James Patterson (left) and former US President Bill Clinton at a book signing in 2018 Image Credit: Shutterstock

What is it that makes James Patterson one of the world’s most successful authors? He’s produced so many books his Wikipedia page doesn’t bother trying to list them. He’s made $700 million out of a career stretching back four decades. He doesn’t even really write his books, which include the Alex Cross, Michael Bennett and The Women’s Murder Club detective series, instead farming out story lines to a team of collaborators, and changing what he gets back if he doesn’t like it.

"What do all great stories do?" he asks rhetorically, when I contact him via Zoom in his Florida home. "They start by asking a question that the reader must have answered. John Grisham does the same thing, but he doesn’t boil things down as much as I do. Sometimes if someone is a really great writer, readers keep reading because they get hooked on the language. But I don’t have that problem."

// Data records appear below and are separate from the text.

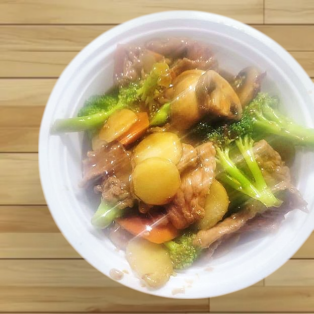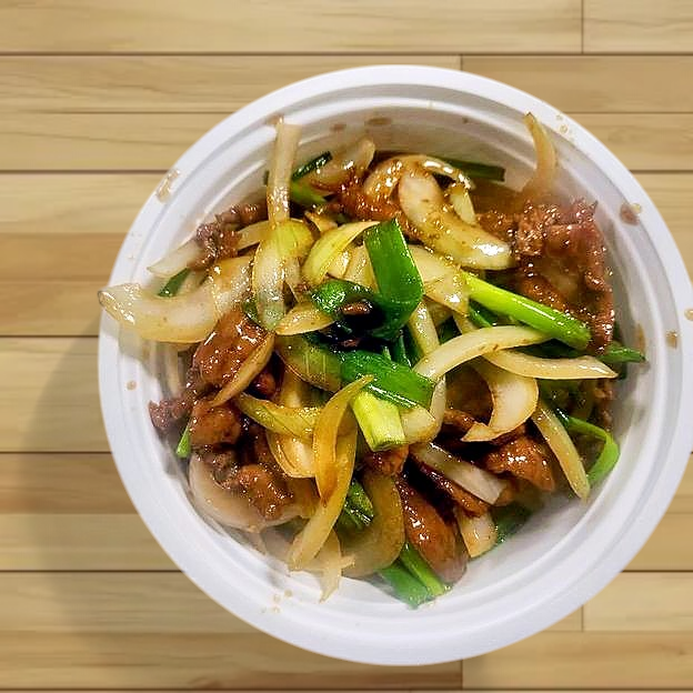 Tender beef strips stir-fried with vegetables in a sweet and spicy sauce.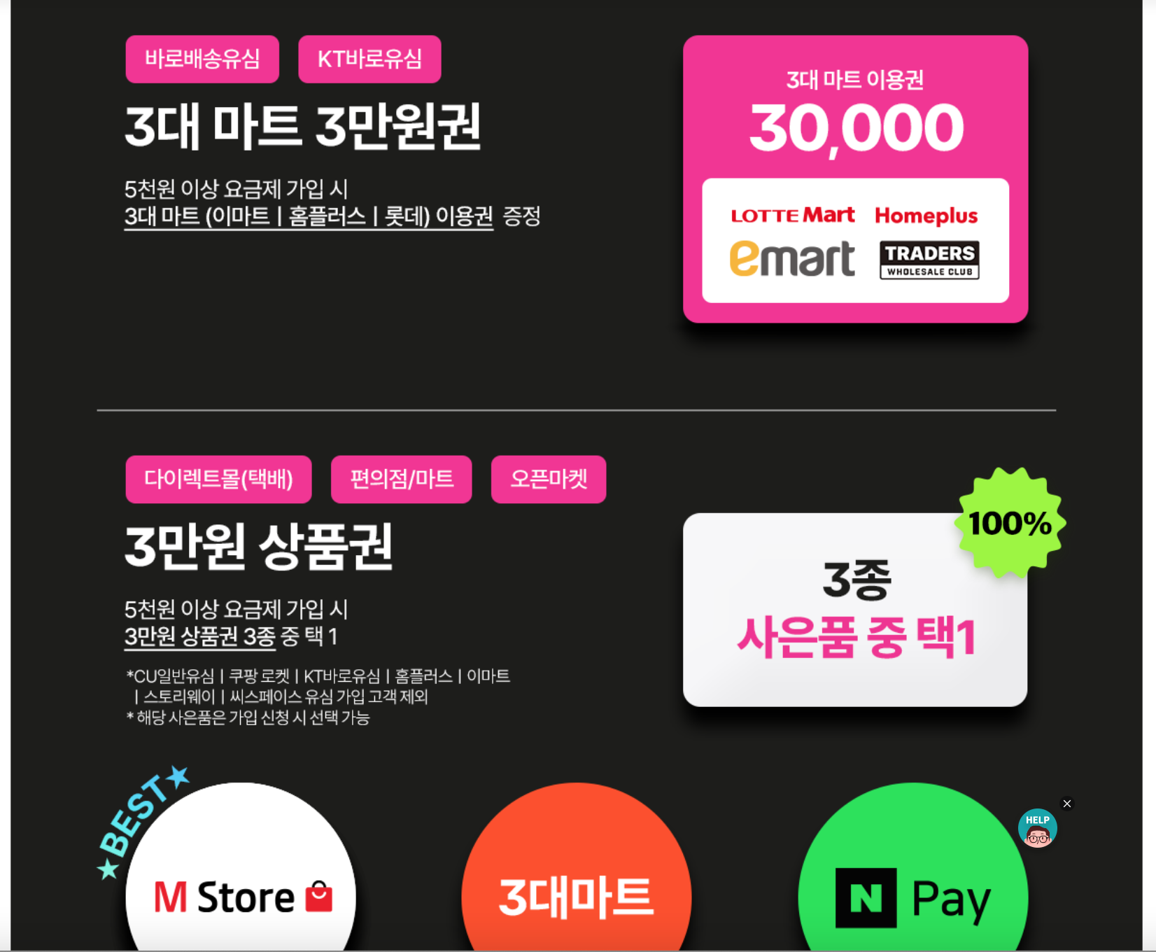 어디서 유심을 샀느냐에 따라 제공되는 가입선물이 살짝 다릅니다. 대체적으로 마트 3만 원 이용권을 제공합니다.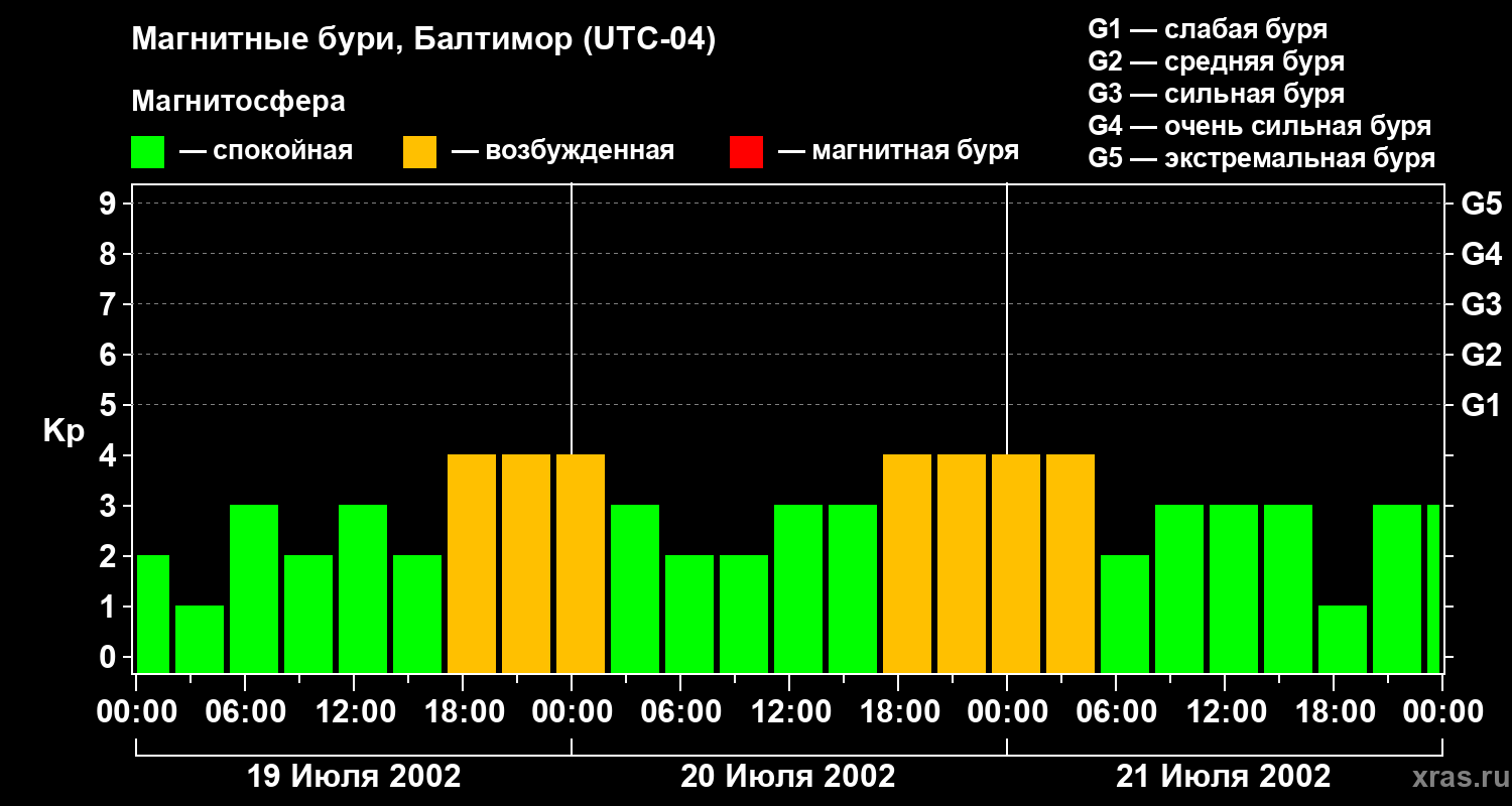 Изменения геомагнитного индекса Kp с 19 по 21 июля 2002 года для средних широт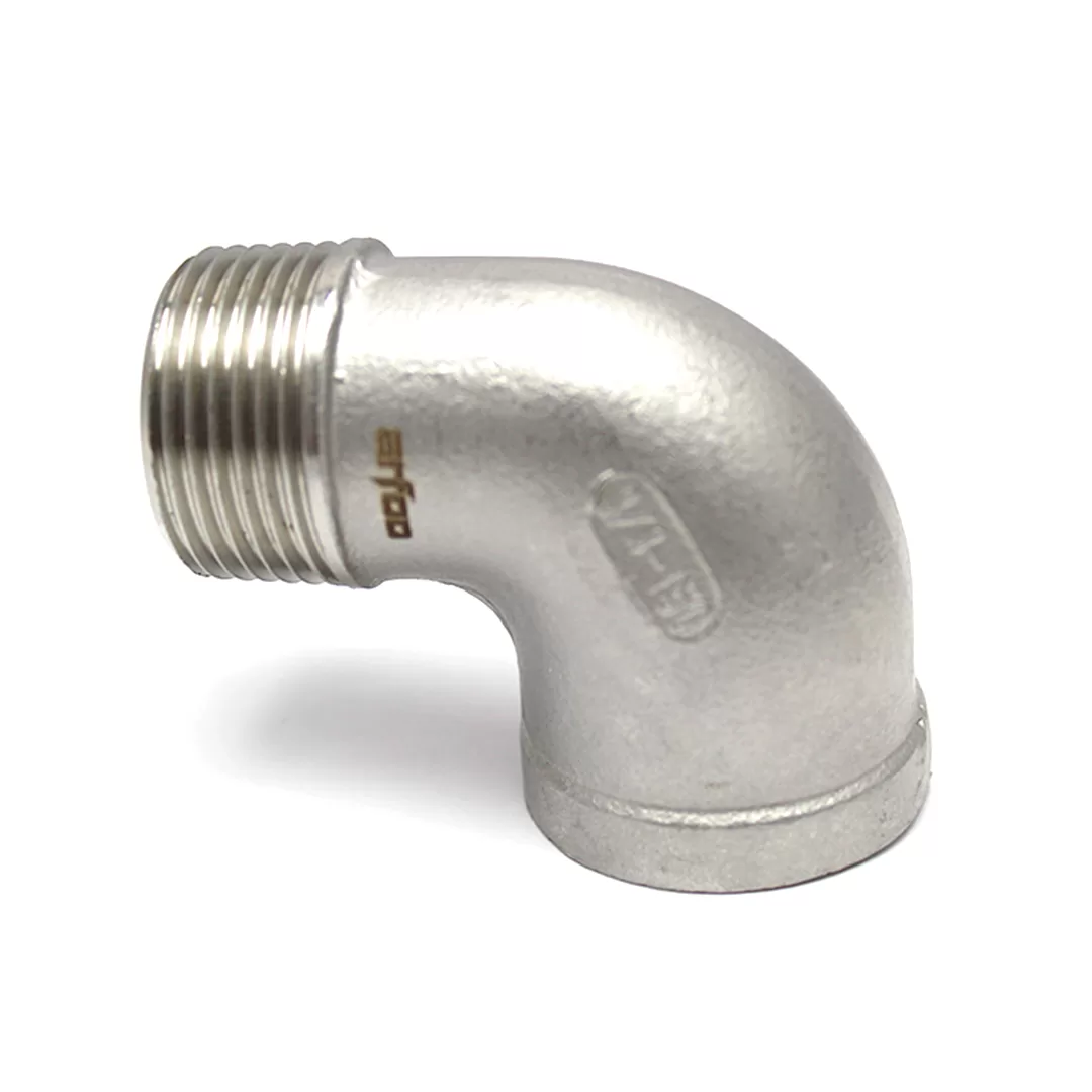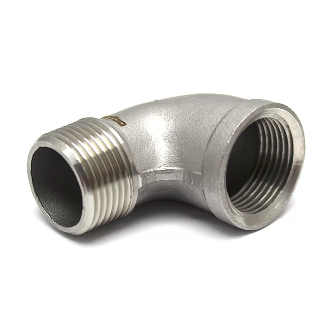 • Cotovelo 90° Macho 1/2” NPT x Fêmea de 1/2” NPT em aço inox 304.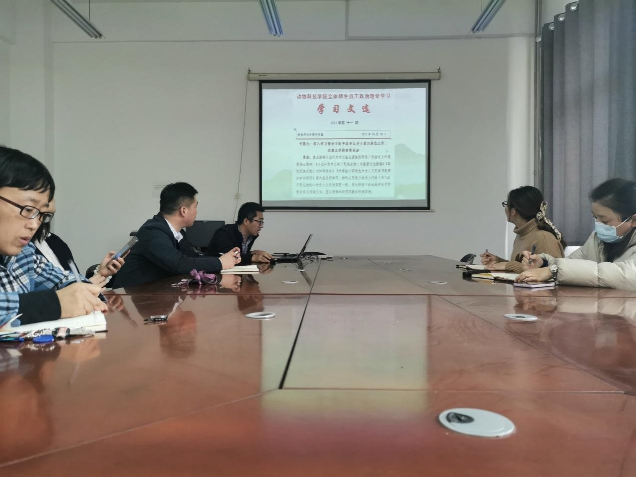 2021年10月28日下午,动物药学系党支部在农科2号楼302会议室进行10月份主题党日专项学习活动,会议主题为“凝心聚力创建‘双一流’ 奋发有为再攀新高峰”。支部全体党员参加会议,会议由支部书记杨帆同志主持。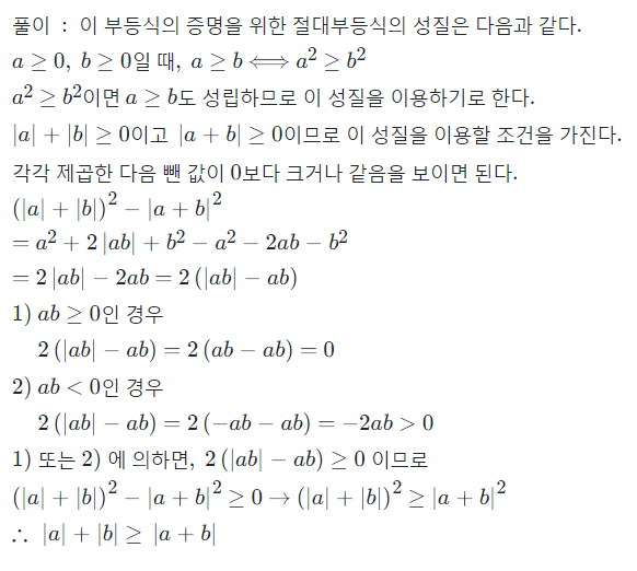 항상 내신시험에 빠지지 않고 등장하는 문제죠. 절대부등식을 증명하는 문제인데요, 이 문제를 꼼꼼하게 설명하는 해설이 많지 않아서 아주 상세히 다루도록 하겠습니다.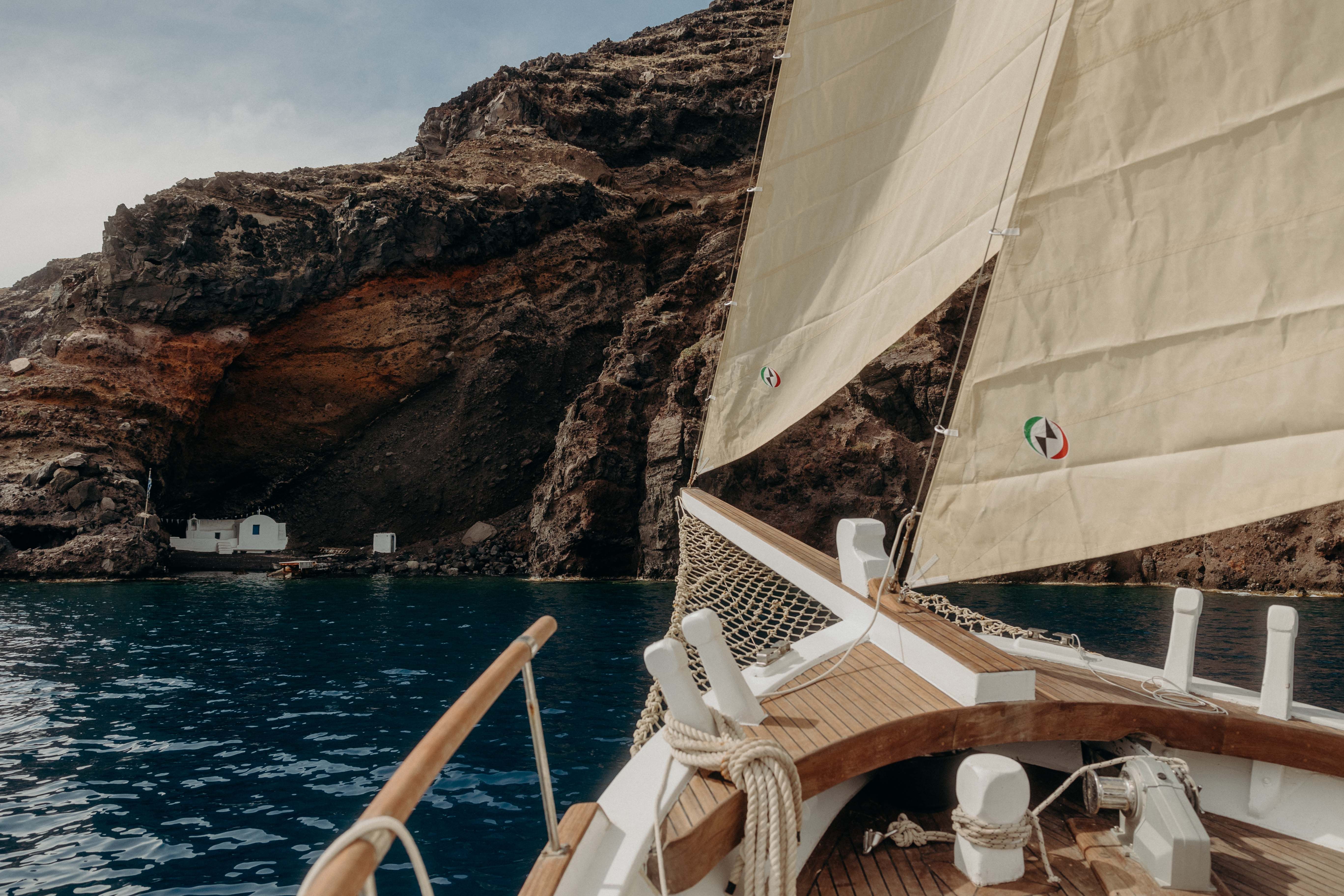 Kymatia is a beautifully restored traditional wooden sailboat that perfectly embodies the charm and heritage of Santorini. Carefully crafted to provide an authentic and eco-friendly sailing experience, Kymatia offers a unique way to explore the island's stunning waters. As you sail through the Caldera, you'll be immersed in the island's natural beauty, with panoramic views of the cliffs, volcanic islands, and the iconic blue-domed buildings that make Santorini famous.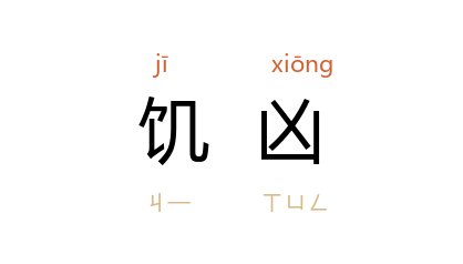 引《后汉书·侯霸传》:“歆(韩歆 )又证岁将飢凶,指天画地,言甚刚切,坐免归田里。”宋 叶适 《沉仲一墓志铭》:“天行或飢凶,民利欲建置,君率先推与无疑。”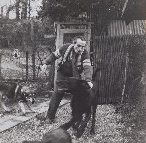 DOUCET (Louis). Louis-Ferdinand Céline, jeu avec ses trois chiens dans le jardin de Meudon. 1957-1959. Épreuve gélatino-argentique des années 1990. Signature du photographe au dos en dessous de l'envoi " Ce voyage au bout de Meudon, amicalement...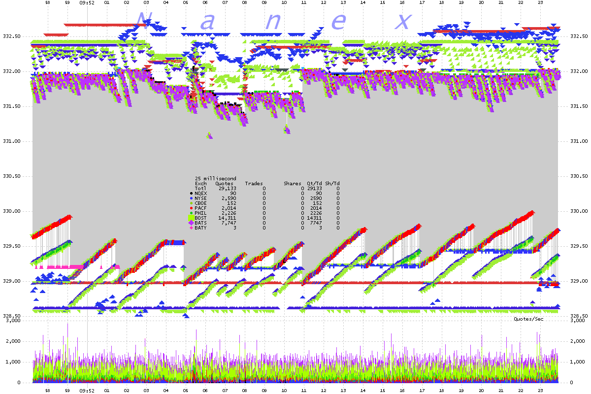 1 second interval chart showing NBBO and trades color coded by exchange (both overlap

Well no, he doesn’t. You don’t read a James Patterson thriller for the beauty of its similes. You read it for the fast moving plots. Now 74, Patterson wrote his first Alex Cross novel, featuring the eponymous African American detective struggling to balance a stressful career with family life, in 1993. Several film adaptations followed.

"When I started writing, every Hollywood movie had a black guy with a boombox on his shoulder," he says, by way of explaining his desire to write a different sort of black character in his books. He has no time for the suggestion that, as a white man, he might today fall foul of the Twitterati.

"I grew up in a small town that was heavily black; I had a lot of black kids as my friends. So do I have the right to write a black character? Sure I do. William Styron wrote those two books [Sophie’s Choice, and The Confessions of Nat Turner] and I thought he did a good job.

"In the beginning, LittleBrown didn’t put my picture on the Cross books. The early reviews all went, ‘What a great thing for a black writer to create this character, it’s so credible and believable’. For me, it’s just read the damn thing and come to your own conclusions."

His 29th Cross novel, Fear No Evil, out recently, features an unsavoury character who closely resembles Jeffrey Epstein, the financier who killed himself in jail in 2019 while awaiting trial on charges of sex trafficking minors.

Patterson published a non-fiction book, Filthy Rich, about Epstein in 2016, based on police transcripts of interviews with some of the girls who made allegations of sexual abuse against him. He is still haunted, not only by the girls’ statements, but by how long it took the American media to take notice.

"It’s hard for me to get over Epstein," he says. "The interviews in Filthy Rich are devastating. But when I took Filthy Rich to the newspapers, no one wanted to cover it... I was like, ‘Are you guys crazy? Wake the hell up’."

Patterson is a brawny mix of the straight talking and the liberal leaning. He produces books like a factory produces cars, yet cares passionately about literacy – he’s donated millions to pupil literacy funds. His novels make no claims to artistic importance, yet he believes deeply in the power of stories to reveal other lives more clearly.

He is also writing an autobiography and has a forthcoming collaboration with Dolly Parton, Run, Rose, Run, a novel about a young Nashville singer.

I ask him why he keeps on going and for the first time a hint of a different sort of writer appears.

"When I was a kid, I had this notion that I wanted to write the sort of book that would be read so many times the binding would fall out and the pages would be scattered by the wind. I’m still working on that one. So that’s why."